A aliança militar, por sua vez, descartou o ingresso da Ucrânia, mas afirmou que vai prosseguir enviando armas e suprimentos bélicos para o vizinho da Federação da Rússia.
Então o que de fato muda no tabuleiro político global?
Para Robinson Farinazzo, especialista militar e oficial da reserva da Marinha do Brasil, ao integrar os territórios à Rússia, Putin mexeu bastante no equilíbrio internacional e se vale de precedentes anteriores praticados pelo próprio Ocidente.

"Putin está utilizando o precedente de Kosovo, a mesma coisa que a OTAN fez há alguns anos com relação aos kosovares. [Trata-se] do mesmo tipo de raciocínio, a mesma lógica e o mesmo direito o que ele está empregando nesses novos territórios. Vai ficar muito difícil combater, porque todas as vezes há o precedente de que isso foi feito no Kosovo. Se começarem a bater muito nessa situação de Donetsk, Lugansk, Kherson e Zaporozhie, ele também pode alegar o seguinte: Israel está ocupando ilegalmente as colinas de Golã há mais de 50 anos e os EUA não falam nada. E também a Cisjordânia. Há vários casos. Tem também Guantánamo, que é uma presença americana que, à luz do direito, fica muito difícil de comprovar", avaliou, em entrevista à Sputnik Brasil.

Operação militar especial russa
Leia na íntegra discurso de Putin sobre adesão de antigos territórios ucranianos à Rússia
A grande questão na Europa, em sua percepção, é a situação da Alemanha, que é um nó central dentro da União Europeia (UE).

"Se a Alemanha quebrar em virtude do encarecimento da energia (porque ela não tem mais o gás barato da Rússia), isso vai impactar em toda a União Europeia. O motor econômico da UE é a Alemanha, e com ela em uma situação difícil, vai ficar muito complicado para os outros países se sustentarem economicamente. O cenário ainda está muito nebuloso, mas eu acredito que uma grande crise vai assolar a Europa.
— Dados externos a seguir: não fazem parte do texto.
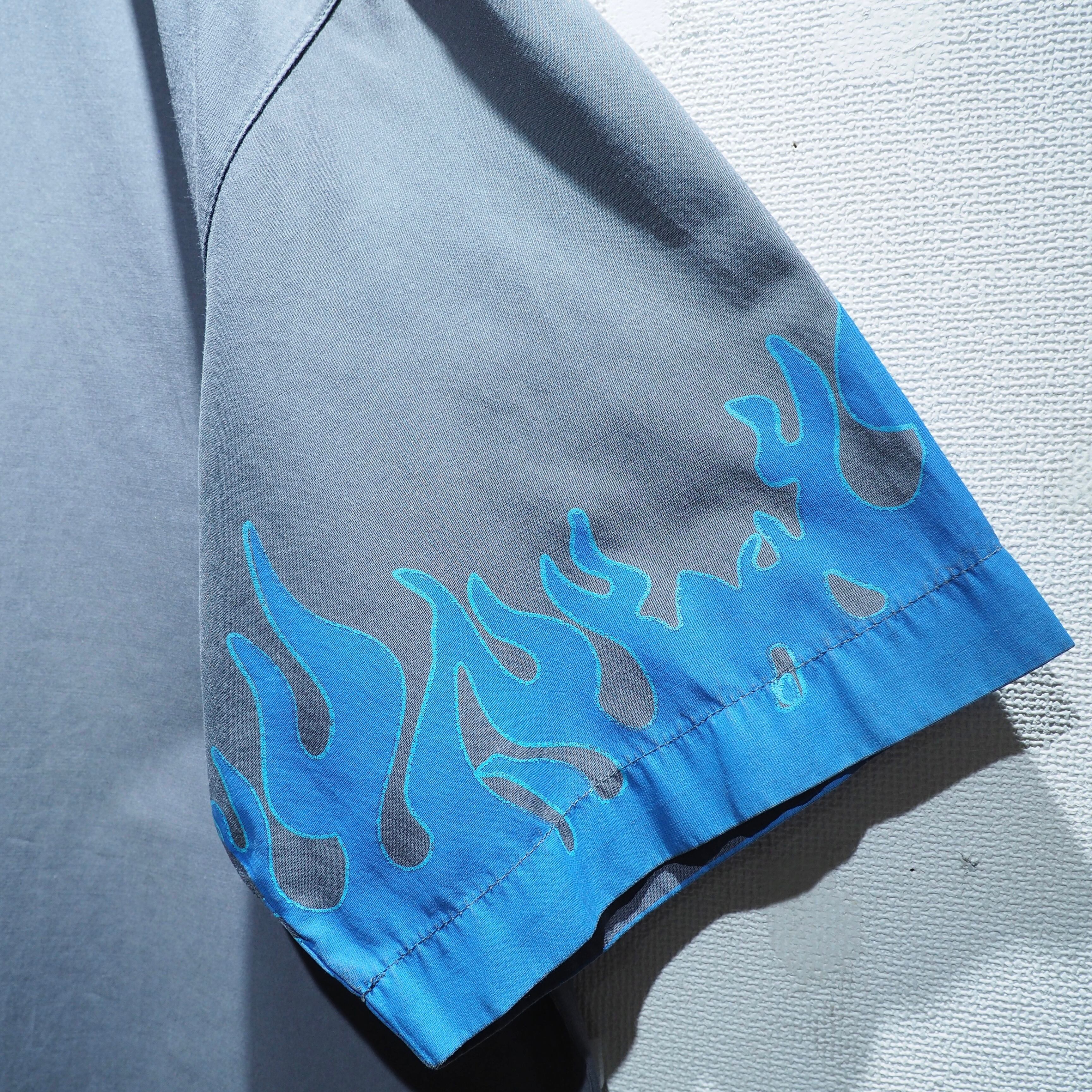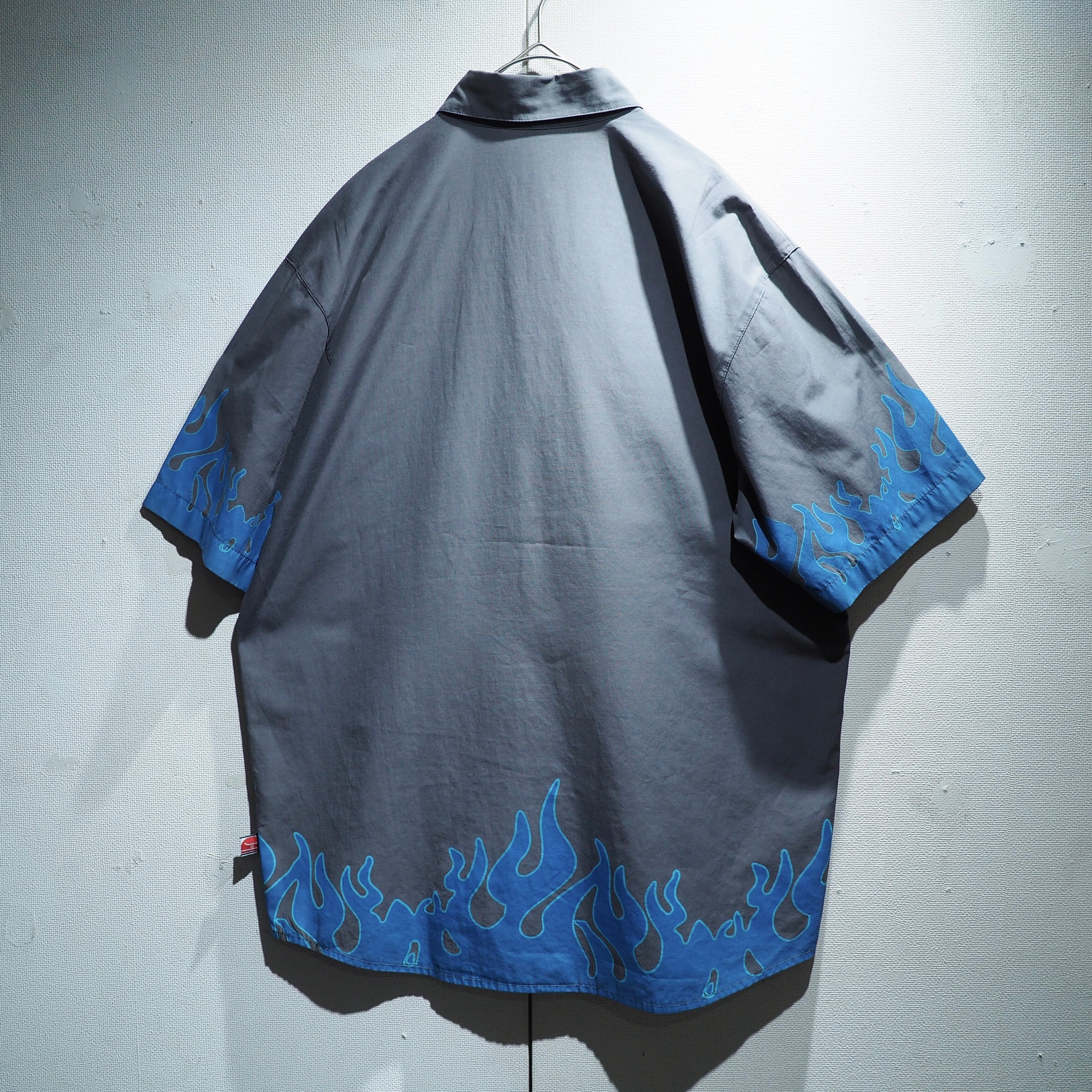 マットな質感のコットンポリボディに描かれたチープなファイアーパターンがオツなSSシャツ。こう言うのが1番良い。
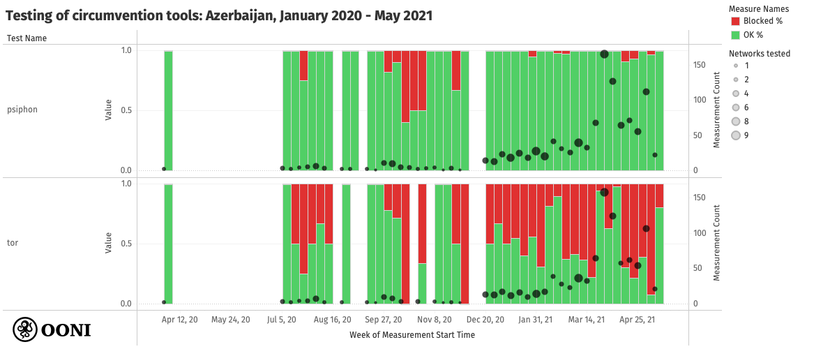 The following chart aggregates all OONI measurements collected from the testing of Psiphon and Tor on up to 9 AS networks in Azerbaijan, between January 2020 to May 2021.

Não sabemos quais serão as consequências dela", apontou o oficial da reserva da Marinha.

Embora considere muito precipitado entender o que muda em termos geopolíticos globais, o historiador Rodrigo Ianhez demonstrou preocupação com o pedido de aceleração da adesão da Ucrânia à OTAN.
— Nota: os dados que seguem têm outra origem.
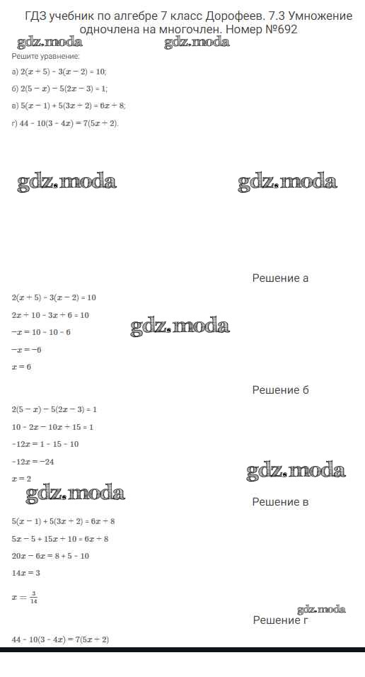 ОТВЕТ на задание № 692 Учебник по Алгебре 7 класс Дорофеев Академический школьный учебник
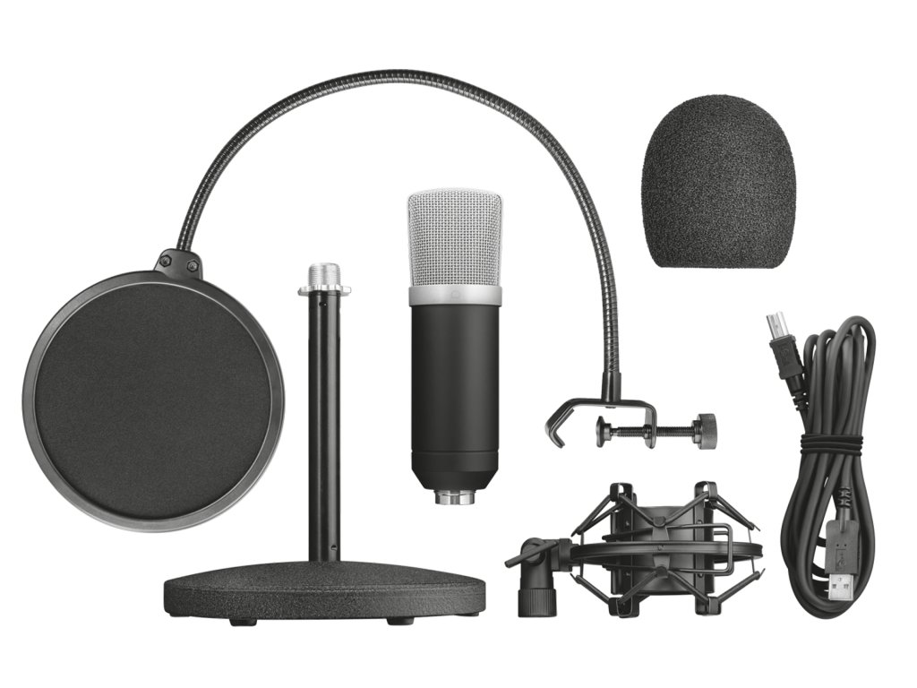 - Včetně těžkého kovového stojánku, vysoce kvalitního antivibračního držáku a velkého dvojitého pop filtru.
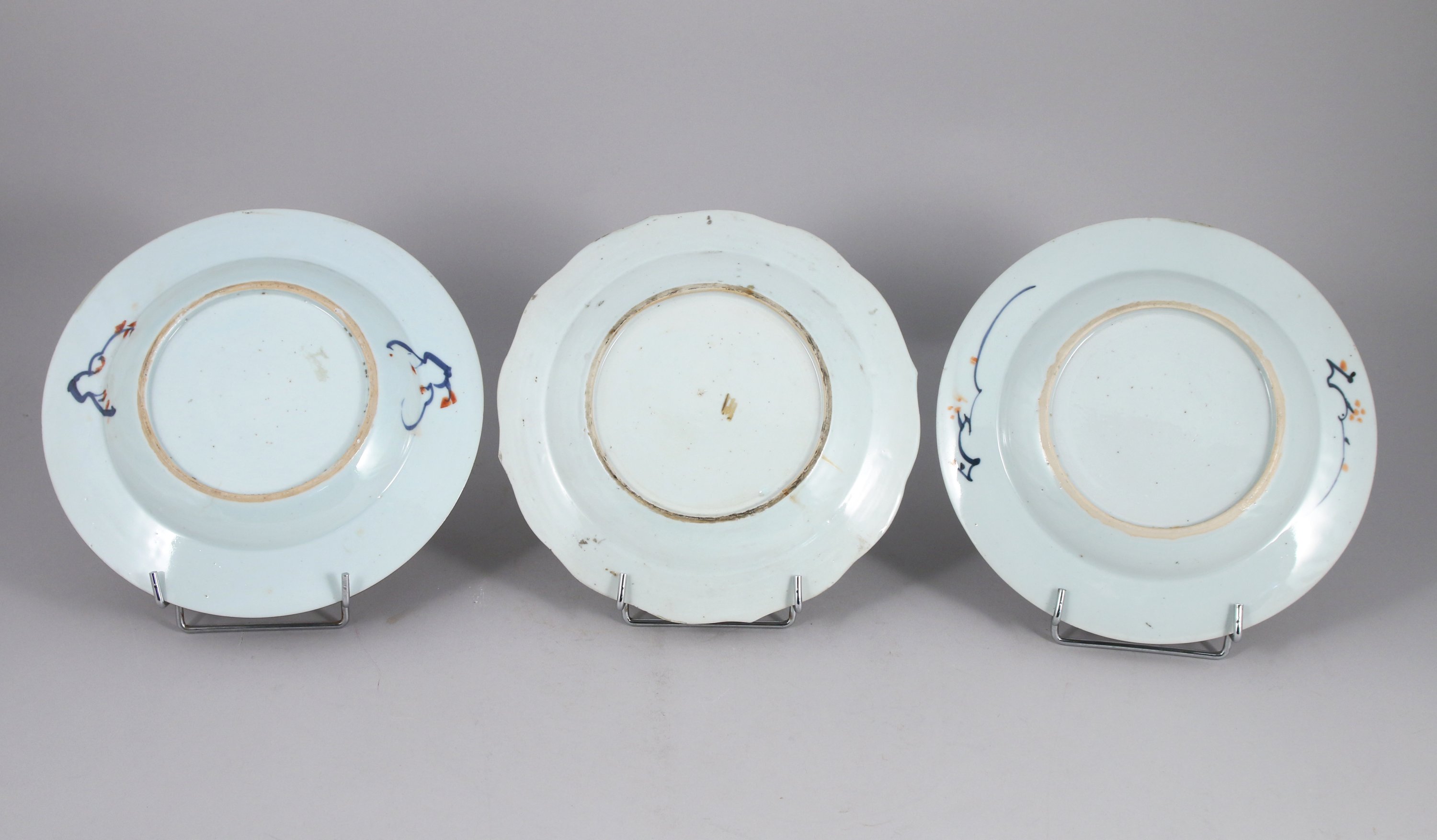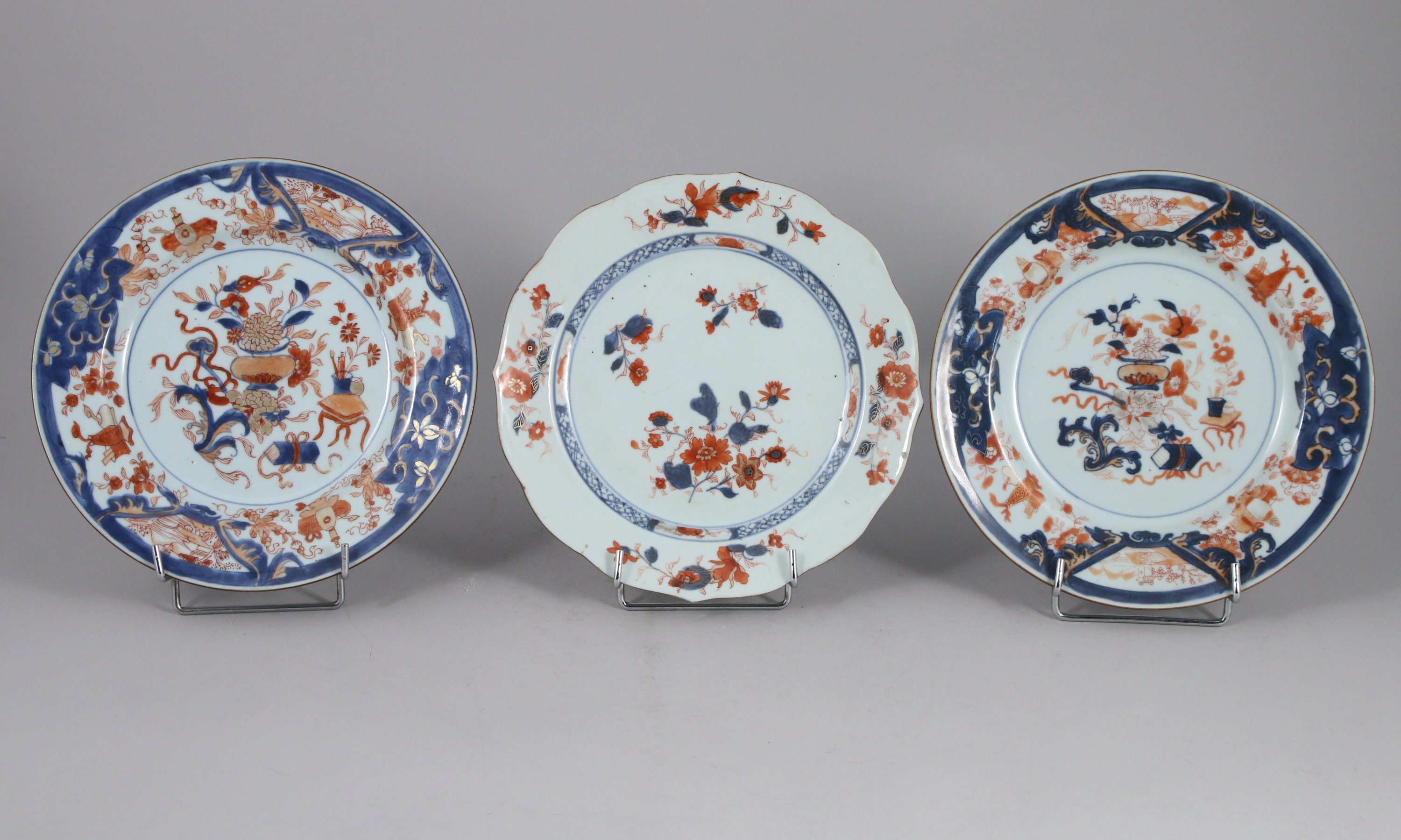 JOINT : trois ASSIETTES, deux rondes et une polylobée, en porcelaine décorée en bleu sous couverte, rouge de fer et émaux polychromes dit "Imari" à décor de fleurs et vases fleuris. Diam. 22,6 cm, 22,9 cm et 22,5 cm. (Défauts de cuisson, éclats, rayures, usure de l'émail)

"Não acredito que a adesão formal das regiões à Rússia mude os rumos do conflito, mas há de se observar essa questão, que agora parte do território russo, considerando esses ataques. Agora, [em caso de] um ataque à Federação da Rússia, diretamente, talvez haja uma escalada. E isso é preocupante", afirmou, acrescentando que não cabe à OTAN negociar a paz; é a Ucrânia que tem que entrar na mesa de negociações. "E ela não está disposta. Esse anúncio do Zelensky deixou claro que ele não está observando a possibilidade de uma negociação mais séria", opinou, em entrevista à Sputnik Brasil.
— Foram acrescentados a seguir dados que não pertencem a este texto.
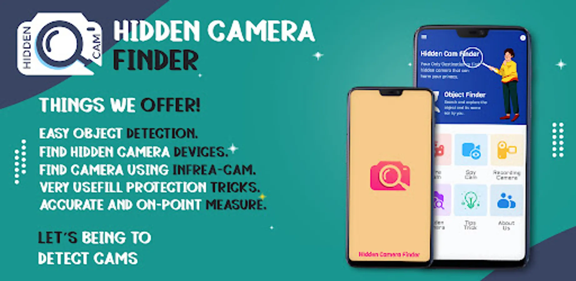 This Hidden Camera Detector easily detects hidden camera and microphones. It allows its users to detect hidden camera and microphone just by using an android phone. Hidden Camera Detector is the solution to privacy. It is free to download and is a great option to detect hidden camera. It detects hidden devices easily.
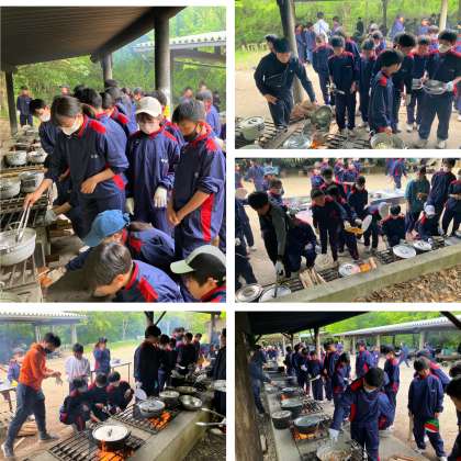 本日は野外炊飯を行いました。 班で協力をしてカレーを作ります。
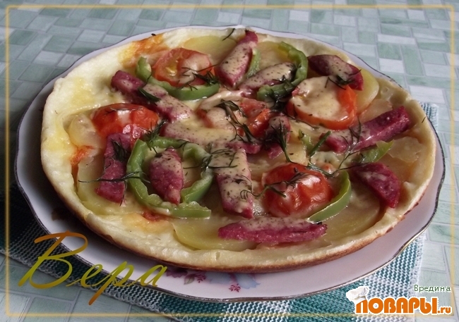 (Вареная картошка, колбаса, помидоры, сладкий перец, зелень, сыр).
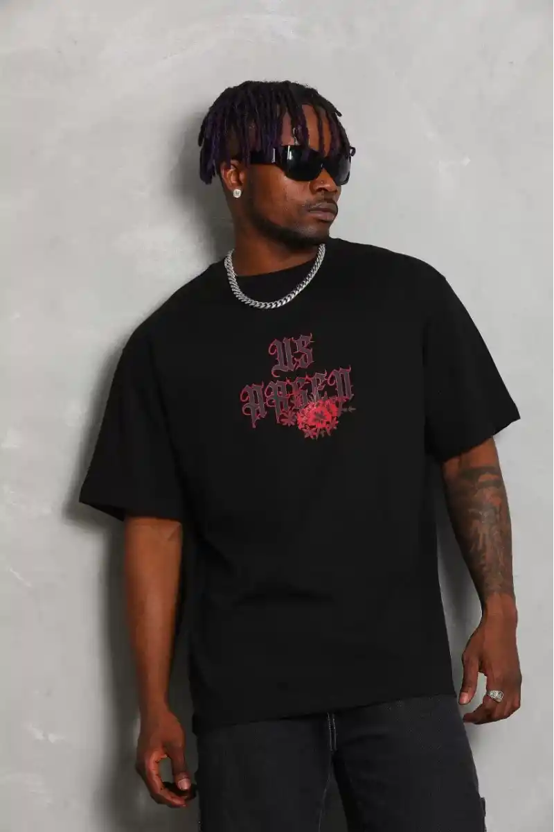 Unisex Oversize Baskılı Bisiklet Yaka T-Shirt - Siyah
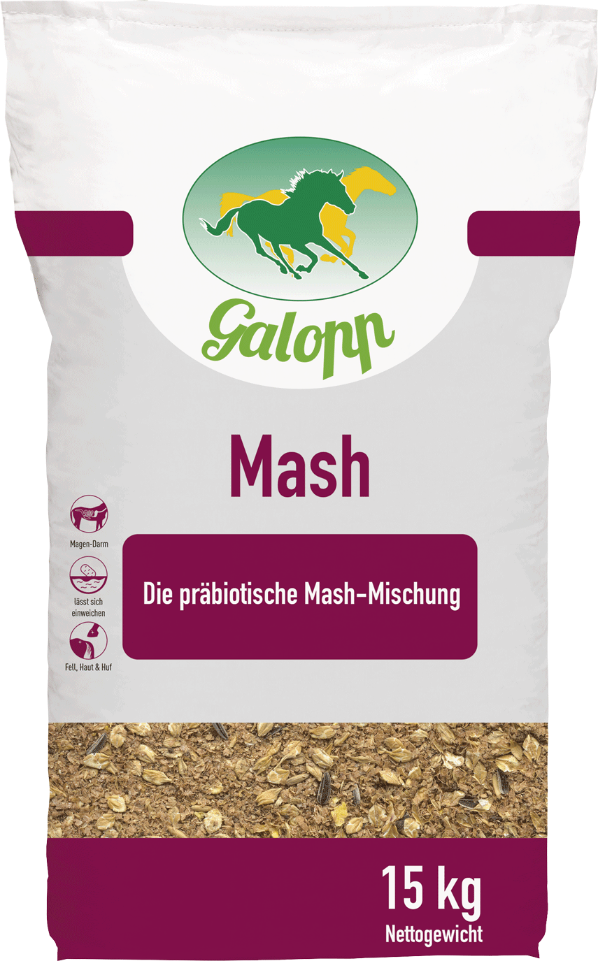 Galopp Mash 1 – 2 mal pro Woche einsetzen. Es ist stets frisch zuzubereiten und zu verfüttern.
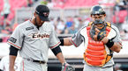 [OSEN=수원, 이동해 기자] 17일 오후 경기도 수원kt위즈파크에서 열린 '2018 신한은행 MYCAR KBO리그' kt 위즈와 한화 이글스의 경기, 1회말 2사 만루 위기에서 벗어난 한화 샘슨이 포수 지성준과 안도하며 더그아웃으로 향하고 있다. / ea

Farinazzo entra em consonância com o colega: costurar negociações com a Rússia é difícil, porque quem está mandando efetivamente no conflito são Washington e Londres.
Nem EUA, tampouco Reino Unido querem paz de forma alguma, "ou pelo menos a paz que eles entendam que lhes seja desfavorável", apontou.
"Não sei se os demais países conseguem se descolar do tacão anglo-americano."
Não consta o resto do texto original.